Neben dem Essbereich folgt auf einer erhöhten Ebene ein Medienraum zum Lesen, Musikhören und Fernsehen: eine ganz in Holz ausgekleidete Höhle mit einer flachen Sitzmatte, die mit Vorhängen geschlossen werden kann. Hinter hölzernen Büchervitrinen geht es weiter ins Schlafzimmer und von dort in einen begehbaren Kleiderschrank. Auf Türen wird im Inneren der Wohnung verzichtet. Lediglich das von Küche und Schlafzimmer eingefasste Badezimmer kann verschlossen werden – und entzieht sich damit dem fließenden Raumkontinuum.
Lebendige Texturen
Das Interieur sollte zurückhaltend klar wirken und gleichzeitig von sinnlicher Taktilität erfüllt sein. Eine wichtige Rolle fiel daher den Materialien zu, die nie glatt und kalt erscheinen, sondern stets eine lebendige Textur besitzen. Die Türrahmen, das Bett, die Beistelltische, das Bücherregal sowie der gesamte Medienraum sind mit sechzig bis achtzig Jahre altem Valsad-Teakholz verkleidet. Es stammt aus dem Umland von Ahmedabad und verfügt über eine warme, rotstichige Farbigkeit und charaktervolle Maserungen.

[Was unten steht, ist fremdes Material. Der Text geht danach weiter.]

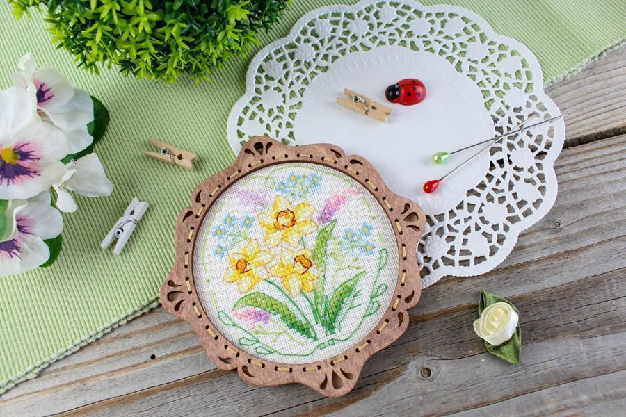 Щепка Набор для вышивания на деревянной основе «Весенние цветы»-20% +97
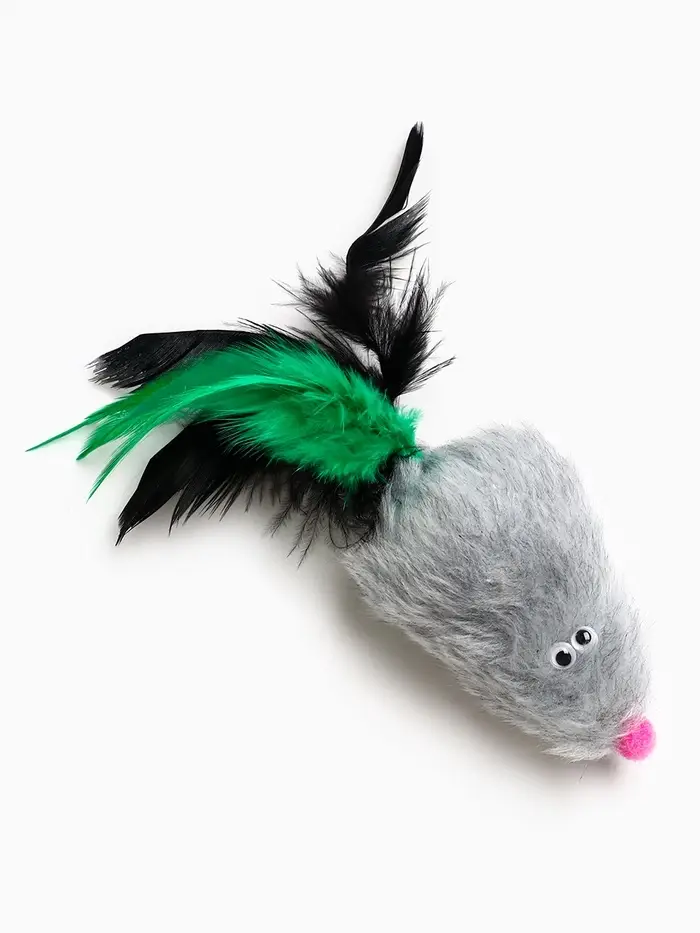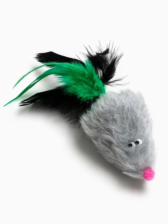 Игрушка длля кошек "Хвостатая мышь" 7 см, серая

Für den Esstisch und die Arbeitsplatten in der Küche kommt grauer Naturstein zum Einsatz, der ebenfalls über eine starke Marmorierung verfügt. Die beiden räumlich voneinander versetzten, doch funktional miteinander verbunden Ebenen – die eine für die Essensvor- und Nachbereitung, die andere für den Genuss dazwischen – gehen so auch optische eine klare Beziehung ein. Die hellgraue Farbigkeit des Natursteins wird vom Bezugsstoff des Sofas, von den Vorhängen sowie jenem polierten Beton aufgegriffen, der die Sockelpartien der Wände sowie den gesamten Boden des Open Space bedeckt.
Konnektiver Auftritt
Monotonie unter den Füßen ist aber dennoch nicht zu befürchten. In die Böden sind verschiedene Holz- und Steinsegmente eingelassen, ebenso Keramikfliesen und feine Messingleisten. Das Interessante hierbei: Die unterschiedlichen Bodenmaterialien markieren weder die Position der früheren Zimmer noch akzentuieren sie die jetzigen Raumfunktionen. Sie lassen die einzelnen Zonen vielmehr ineinander fließen und stellen einen Dialog her.
So finden die blauen Fliesen im Schlafzimmer und Kleiderschrank ein Echo unterhalb des Couchtischs. Die in den Beton eingelassenen Dielen im Essbereich sind aus demselben Holz gefertigt wie der Medienraum und die übrige Möblierung der Wohnung. Im Eingangsbereich sind weitere quadratische Holzplatten in den Boden eingelassen, die die Form der kubischen Schuhregale aufgreifen. Feine Messingleisten durchziehen nicht nur die Betonböden von Küche, Esszimmer und Wohnzimmer. Sie dienen ebenso als Verbindungselement für die vier Natursteinsegmente der Esstischplatte. Die grünen Natursteinplatten in der Küche finden ihren Widerhall in der Bodenverkleidung der Dusche.
Oase inmitten der Stadt
Die Botschaft: Alles ist miteinander verwoben. Und nichts existiert für sich allein. „Ich wollte weg vom generischen Chic urbaner Apartments. Daher lag eine klare Entscheidung darin, das Endergebnis unfertig aussehen zu lassen. Die Wohnung sollte eine Oase inmitten der Stadt sein, vergleichbar mit dem natürlich changierenden Raumgefühl eines volkstümlichen Landhauses“, so der Architekt. Aalglatte Räume können ruhig andere übernehmen.